The young man sat up and tried to push his chair back. "I'm all right," he said thickly. "Where - where've you been?"

She came right into the room and pushed the door to behind her. It shut with a bang that made the man start.

"My God, you make me sick!" she said bitterly. "Where have I been? You know very well where I've been!

You're rotten, Mark! A rotten, drunken swine!"

"Oh, dry up!" he said angrily. He staggered to his feet and brushed past her to the door. She heard him presently in the scullery and guessed that he was dowsing his fuddled head in the sink. Her lip curled. She pulled off her hat and threw it on to a chair and went over to turn down the oil-lamp, which was smoking.

The man came back into the room. He looked ashamed and would not meet her eyes. "I'm sorry, Shirley," he muttered. "Don't know how it happened. I swear I didn't have more than a couple of drinks — well, three at the outside. I didn't even mean to go into the damned pub, but that farmer chap from what's the name of the place - ?"

"Oh, what does it matter?" she said impatiently. "You couldn't even keep off the drink for one night. You knew what you'd got to do, too."

"Oh, don't rag me, Shirley!" he said, a kind of weary exasperation in his voice. "All right, all right, I know I'm a swine. You needn't rub it in. Had to meet that fellow, hadn't I? I suppose you went instead."
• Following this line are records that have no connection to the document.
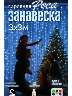 Гирлянда штора новогодняя холодный свет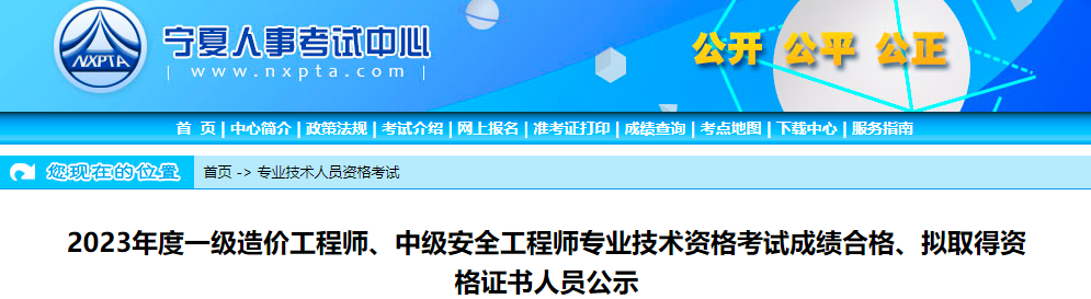 2024年1月2日,宁夏人事考试中心发布了《2023年度一级造价工程师、中级安全工程师专业技术资格考试成绩合格、拟取得资格证书人员公示》,其中对2023年一级造价师成绩合格人员信息进行公示,并明确部分合格人员需进行考后资格审核。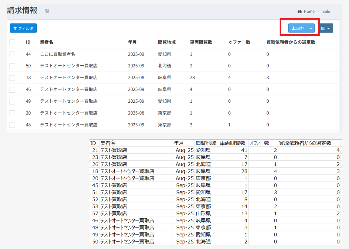 運営者向け:年月、地域別の請求情報出力機能(CSVエクスポート)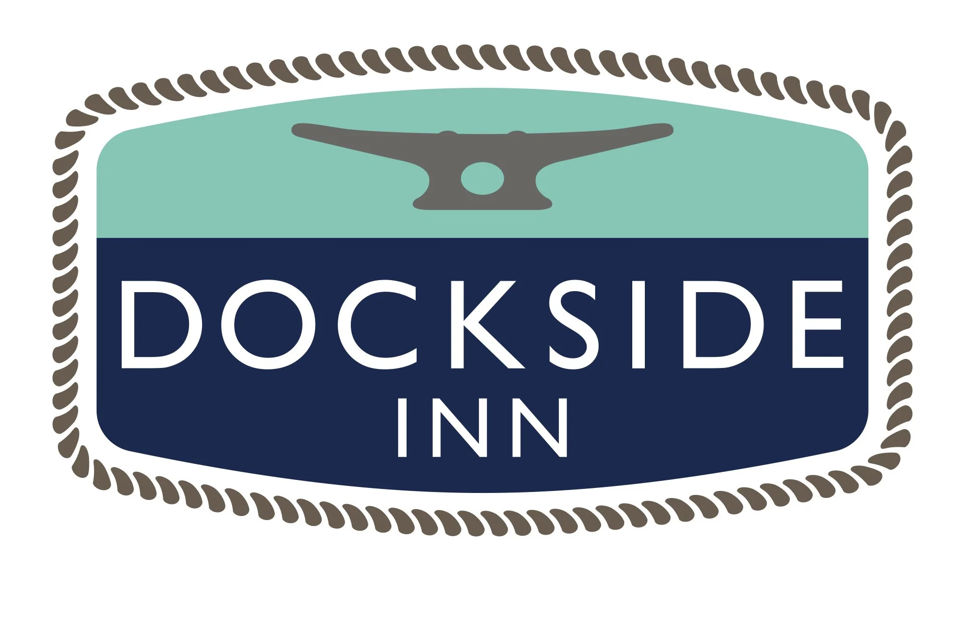 The process started with multiple logo designs, and John instantly fell in love with this version of what we had sent over to him. Instead of a traditional bird, wooden dock, or sunset for dockside imagery, we decided to use the cleat as the focal point of the logo and surround the overall logo with rope to finish off the nautical theme. We finalized the logo with two tones of blue and a touch of white. This new logo is now a familiar brand to many as the Dockside Inn has become an award-winning hotel and a tourist favorite on Martha’s Vineyard.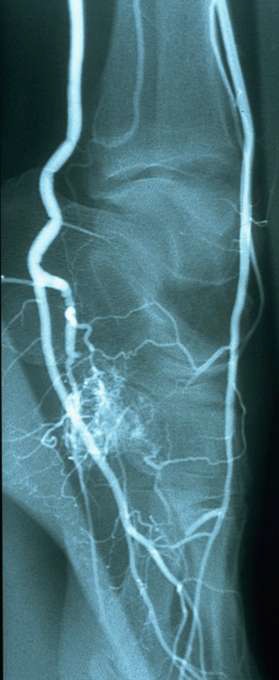 动静脉畸形在不同的部位可能的生理病理影响是不一样的。在肢体部位由于大量的动脉血经瘘口回流导致肢体远端缺血和静脉高压。栓塞瘘口可以改善远端动脉血流的灌注,改善缺血状态。 33岁,男;足趾溃疡。发现足动静脉畸形。

She took the gun out of her pocket and laid it down and began to unbuckle her coat. "Yes, I went," she said briefly.

"Nothing in it, I suppose? I've always said it was a hoax. Only you would come down to this rotten hole and make me live in a filthy, draughty cottage all to go chasing red herrings…' He broke off, his eyes riveted on her coat. "Gosh, Shirley - what's that?" he asked hoarsely.